The problem with opt-in statistical gathering is that they can skew a sample, subtly biasing it. This would invalidate a lot of scientific research.
I love this quote from TFA:
"Companies do not make money by giving researchers access to data. "
Wrong! Netflix released data to get a better recommendation system. The better they can pick movies for you, the more you will like their service. The $1million prize is peanuts compared to the increase in revenue a better system can bring.
I wonder if anyone has estimated the value of the man hours invested in this contest?
i.e., it might come as a surprise when researchers discover that NOBODY (who opted in) searches the internet for pornography, music torrents, Paris Hilton...
Hell, out of Google's top 20 searches, you might get maybe 3 listed?
From scanning those articles it looks as if they are just methods for defining levels of anonymity in a dataset, rather than providing any effective means of achieving it (please correct me if I'm wrong).
I can't see how, for example, if I am planning a study of small area (ie zip code level) variation in the levels of some disease or other, while adjusting for, say, age, sex, and ethnicity, that I could do so without a dataset that included all of these items. How could you make the records less unique without throwing away the data?
We have to accept that if we want meaningful research to happen, then we need some amount of data sharing and linking needs to occur. We need to rely, in medicine at least, on ethics committees to represent our best interests when it comes to striking the balance.
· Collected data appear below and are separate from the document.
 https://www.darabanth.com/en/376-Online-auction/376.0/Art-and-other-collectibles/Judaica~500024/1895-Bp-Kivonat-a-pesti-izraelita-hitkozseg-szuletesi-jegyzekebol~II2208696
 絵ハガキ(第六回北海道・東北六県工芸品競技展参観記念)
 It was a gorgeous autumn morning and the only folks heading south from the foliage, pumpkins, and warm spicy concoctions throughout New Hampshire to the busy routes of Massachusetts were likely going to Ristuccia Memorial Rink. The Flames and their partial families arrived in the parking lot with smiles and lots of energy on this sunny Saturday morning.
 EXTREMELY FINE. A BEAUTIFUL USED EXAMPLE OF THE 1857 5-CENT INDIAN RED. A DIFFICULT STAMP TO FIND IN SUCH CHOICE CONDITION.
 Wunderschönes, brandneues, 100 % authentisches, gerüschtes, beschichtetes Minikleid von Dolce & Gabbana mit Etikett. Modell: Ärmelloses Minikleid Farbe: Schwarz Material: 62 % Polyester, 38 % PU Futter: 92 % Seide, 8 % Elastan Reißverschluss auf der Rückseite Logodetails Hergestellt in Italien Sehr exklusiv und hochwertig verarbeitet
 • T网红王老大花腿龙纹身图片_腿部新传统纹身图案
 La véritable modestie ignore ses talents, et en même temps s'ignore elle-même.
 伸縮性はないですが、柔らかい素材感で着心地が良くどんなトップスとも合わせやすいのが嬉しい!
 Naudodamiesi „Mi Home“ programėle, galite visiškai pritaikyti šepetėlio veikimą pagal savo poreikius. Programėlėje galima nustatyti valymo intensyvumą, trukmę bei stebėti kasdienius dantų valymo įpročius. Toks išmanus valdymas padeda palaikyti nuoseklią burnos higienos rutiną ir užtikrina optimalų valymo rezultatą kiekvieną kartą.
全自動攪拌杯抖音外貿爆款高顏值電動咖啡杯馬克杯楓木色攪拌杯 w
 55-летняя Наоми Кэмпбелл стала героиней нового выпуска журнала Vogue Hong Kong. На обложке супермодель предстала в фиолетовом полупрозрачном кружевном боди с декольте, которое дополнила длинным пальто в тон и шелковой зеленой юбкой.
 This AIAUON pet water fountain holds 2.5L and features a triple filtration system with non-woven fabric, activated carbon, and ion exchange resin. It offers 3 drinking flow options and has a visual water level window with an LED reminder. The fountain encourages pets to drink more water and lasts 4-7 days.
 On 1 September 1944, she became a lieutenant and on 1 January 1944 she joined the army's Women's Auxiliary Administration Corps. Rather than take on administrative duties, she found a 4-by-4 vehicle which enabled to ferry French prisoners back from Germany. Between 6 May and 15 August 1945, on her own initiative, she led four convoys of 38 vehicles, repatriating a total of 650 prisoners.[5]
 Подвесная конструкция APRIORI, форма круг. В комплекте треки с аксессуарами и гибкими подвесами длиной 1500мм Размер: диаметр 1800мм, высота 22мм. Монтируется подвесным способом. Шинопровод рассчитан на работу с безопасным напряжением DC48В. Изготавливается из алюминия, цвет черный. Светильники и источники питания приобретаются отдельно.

It seems to me that the trend for guarding personal data like its the family silver is a relatively modern thing. If it continues, then reliable unbiassed medical research, especially disease monitoring and control will become impossible.
You're probably just trolling, but in case you aren't, seeing the rampant crime that is institutionalized in modern prisons, I think your argument falls flat on its face.
Liberty doesn't have security as its price. Liberty and Security are often correlated, not directly correlated inversely as you assume.
As more people are free to do things that don't infringe on others' security, security often goes up as the people who would be breaking security systems for their own benefit have plenty of other "acceptable" ways to reap goods, with much fewer risks to boot.